It's an ideal film for audiences who love feel-good movies and also the acting overall is a big plus
It seems Hollywood’s appetite for a humongous cast of the finest British actors is insatiable. In The Best Exotic Marigold Hotel you’ll see Bill Nighy, Judi Dench, Maggie Smith, Tom Wilkinson and more, but there is nothing in the film other than a hazy air of self-importance and a minor escapade for big fans of the actors.

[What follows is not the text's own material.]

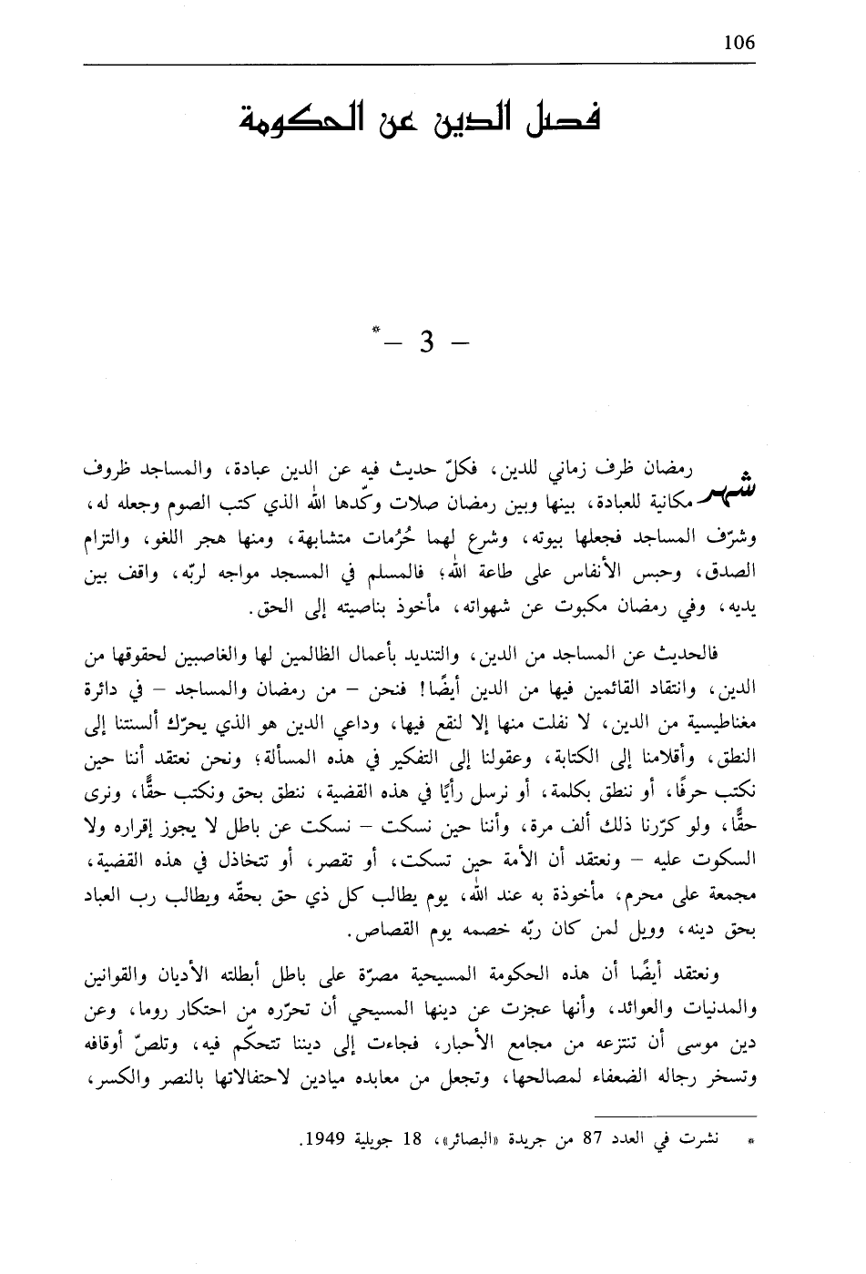 ونعتقد أيضًا أن هذه الحكومة المسيحية مصرّة على باطل أبطلته الأديان والقوانين والمدنيات والعوائد، وأنها عجزت عن دينها المسيحي أن تحرّره من احتكار روما، وعن دين موسى أن تنتزعه من مجامع الأحبار، فجاءت إلى ديننا تتحكّم فيه، وتلصّ أوقافه وتسخر رجاله الضعفاء لمصالحها، وتجعل من معابده ميادين لاحتفالاتها بالنصر والكسر،

Dev Patel and Judi Dench in The Best Exotic Marigold Hotel
John Madden’s films have seldom veered away from saccharine, and The Best Exotic Marigold Hotel is an odd mixture of sappy storytelling and pretentious filmmaking. Based on the book ‘The Foolish Things’, the film is a rom-com revolving around a pack of Brit old timers looking to get away to an exotic place and keep their worries aside.
An ultra-cheap hotel in Jaipur becomes an unlikely host to Evelyn Greenslade (Judi Dench), a widow dealing with her late husband’s debt, ex-civil servant Douglas (Bill Nighy) and his demanding wife Jean (Penelope Wilton), the player Norman (Ronald Pickup), a saucy broad (Celia Imrie) who is on the lookout to getting hitched to a rich man, a rich former judge (Tom Wilkinson) who has returned to India, and the snappy ex-housekeeper Muriel (Maggie Smith) uptight about her hip replacement surgery.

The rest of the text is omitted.